A lightning diverter should be installed where the lead-out wire attaches to the fence. A lightning diverter at this location serves the double purpose of diverting some of the initial energy surge to ground and providing a route of exit from the fence of the energy flow reversed by the induction coil. The most common form of lightning diverter is the porcelain twin tower. This device has two exterior terminals, and encased within the porcelain are leads that are set at a gap wide enough to prevent the energizer voltage flow from arcing across but close enough to allow a lightning voltage spike to jump easily across and pass to ground. The top terminal is attached to the top electrified wire and the lower terminal to a ground rod. The lightning diverter ground must be separate from the energizer ground. If a common ground rod is used, the lightning spike can pass through the common ground system and return to the energizer, potentially damaging the circuitry. Install several lightning diverters through the fence system at lightning-prone locations and where fences network together is relatively cheap insurance. Ideally, more total ground rod capacity should be installed under the lightning diverter system than under the energizer itself. Several other types of lightning diverters are available, but all work on the same principles as the twin tower.
Portable fence components
Wire
The most commonly used materials for portable fencing are polywire and polytape, with polywire being the more popular of the two. Both of these materials are combinations of plastic strands and metal filaments. Usually the plastic component is polyethylene and the metal is stainless steel. Other products are available that use polyester strands for structure and aluminum or tin-copper alloy for the conductors. The main feature of polyethylene products is that they are lightweight and require no tools for setup. Virtually no bracing is needed to hold the fence, and light-duty line posts may be used. The main limitation of polyethylene products is the distance that they can be energized before the internal resistance of the fine wire filaments used as conductors become restrictive.

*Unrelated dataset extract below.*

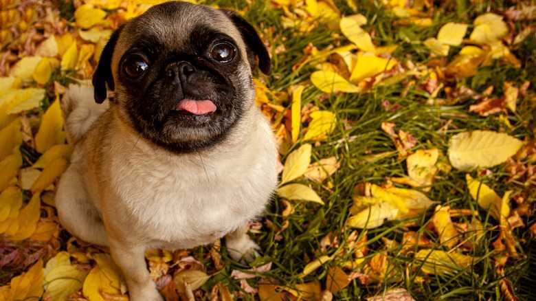 The flat faces of pugs may be endearing, but the feature places them among the brachycephalic breeds, which means they inhale primarily through their mouths. Such air intake can result in a gassy dog, a condition pet parents can't do much about. However, paying attention to what you feed it and promoting an active lifestyle can help to work out all those farts and lessen potential foulness. "Ensuring your dog has a balanced diet will be key in reducing any gastrointestinal (GI) issues," Dr. Whitney Miller, DVM, MBA, DACVPM, advised Rover. You can try a gradual transition to an easily-digestible food with more high-quality protein.

Polywire has the appearance of heavy cord or plastic baler twine. It comes in several different grades, based on the number of filaments and the gauge of the conductor. Most polywire has either six or nine strands. The six-strand polywire can be effectively energized for distances up to half a mile. The nine-strand polywire not only has more wires but may also contain slightly larger wire filaments, increasing the practical length of fences to 3/4 to 1 mile. Either six- or nine-strand wires may contain two or three color filaments, which will improve the visibility and longevity of the material. More strands of plastic also serve to increase breaking strength and visibility of the product. Polywire may last up to 10 years with proper use. Each new generation of products has a longer useful life.
Reels
To use the polyethylene products effectively, a retrieval-dispersal system is a must. Many types of commercial reels are available, and some producers make their own. Features to look for in a commercial reel are a positive locking system, a good warranty, capacity to hold the amount of product typically used and, for some applications, high-speed gearing (Figure 8).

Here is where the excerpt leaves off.